• _TASK STATEMENT_
Transcribe only part of the material below: the lines from the one containing "- Time taken" through the one containing "Não conseguiste encontrar", inclusive, exactly as written.

• _RECORDS SHOWN_
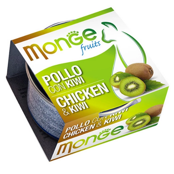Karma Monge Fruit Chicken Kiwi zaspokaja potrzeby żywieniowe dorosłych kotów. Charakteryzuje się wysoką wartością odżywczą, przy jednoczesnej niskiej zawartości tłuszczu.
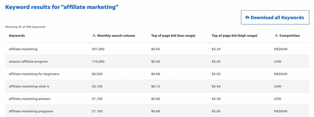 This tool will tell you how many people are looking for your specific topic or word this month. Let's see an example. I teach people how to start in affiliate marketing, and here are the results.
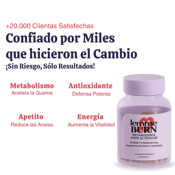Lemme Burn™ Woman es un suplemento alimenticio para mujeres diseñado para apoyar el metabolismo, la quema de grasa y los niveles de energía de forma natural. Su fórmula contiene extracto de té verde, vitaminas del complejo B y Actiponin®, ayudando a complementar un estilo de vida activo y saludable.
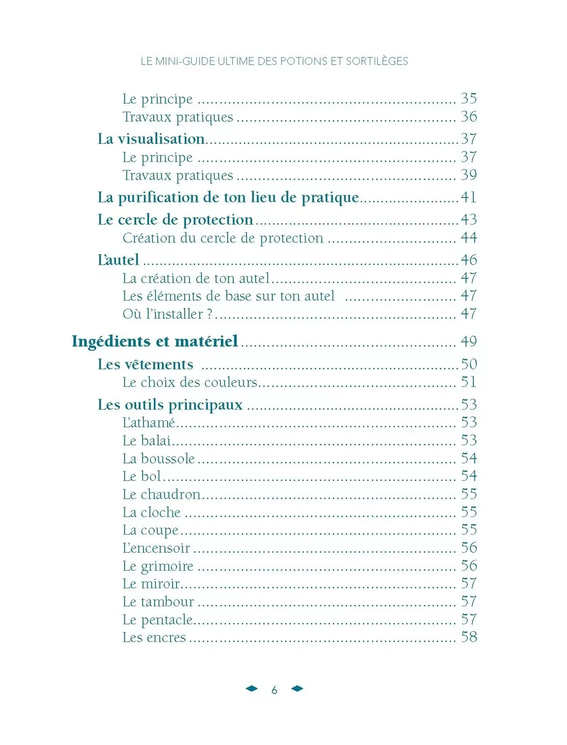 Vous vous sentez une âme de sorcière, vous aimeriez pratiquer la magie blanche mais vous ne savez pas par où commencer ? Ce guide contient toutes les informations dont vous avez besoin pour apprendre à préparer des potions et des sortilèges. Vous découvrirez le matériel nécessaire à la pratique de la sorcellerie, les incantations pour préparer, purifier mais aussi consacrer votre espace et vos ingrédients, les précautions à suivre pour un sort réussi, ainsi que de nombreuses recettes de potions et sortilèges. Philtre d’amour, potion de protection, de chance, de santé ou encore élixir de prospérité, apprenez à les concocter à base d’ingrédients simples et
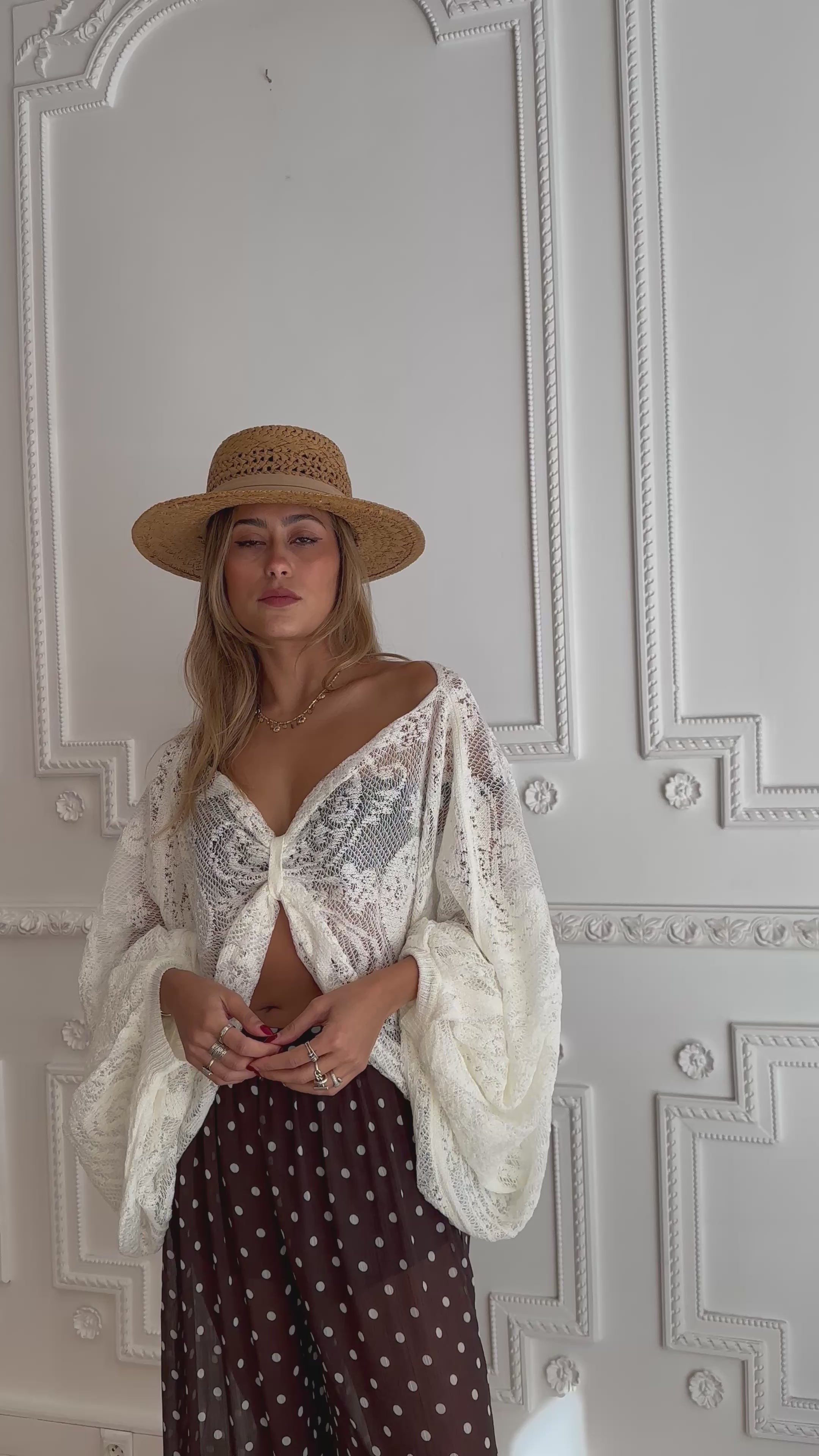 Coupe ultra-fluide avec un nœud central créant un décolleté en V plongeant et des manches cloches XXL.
==
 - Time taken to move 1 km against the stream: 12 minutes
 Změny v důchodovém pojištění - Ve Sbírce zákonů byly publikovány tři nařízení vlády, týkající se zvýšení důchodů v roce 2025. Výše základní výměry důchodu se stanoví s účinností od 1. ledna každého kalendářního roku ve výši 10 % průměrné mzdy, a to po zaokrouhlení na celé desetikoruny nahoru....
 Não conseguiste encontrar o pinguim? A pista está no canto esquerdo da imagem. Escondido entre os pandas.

• _WRITTEN RESPONSE_
 - Time taken to move 1 km against the stream: 12 minutes
 Změny v důchodovém pojištění - Ve Sbírce zákonů byly publikovány tři nařízení vlády, týkající se zvýšení důchodů v roce 2025. Výše základní výměry důchodu se stanoví s účinností od 1. ledna každého kalendářního roku ve výši 10 % průměrné mzdy, a to po zaokrouhlení na celé desetikoruny nahoru....
 Não conseguiste encontrar o pinguim? A pista está no canto esquerdo da imagem. Escondido entre os pandas.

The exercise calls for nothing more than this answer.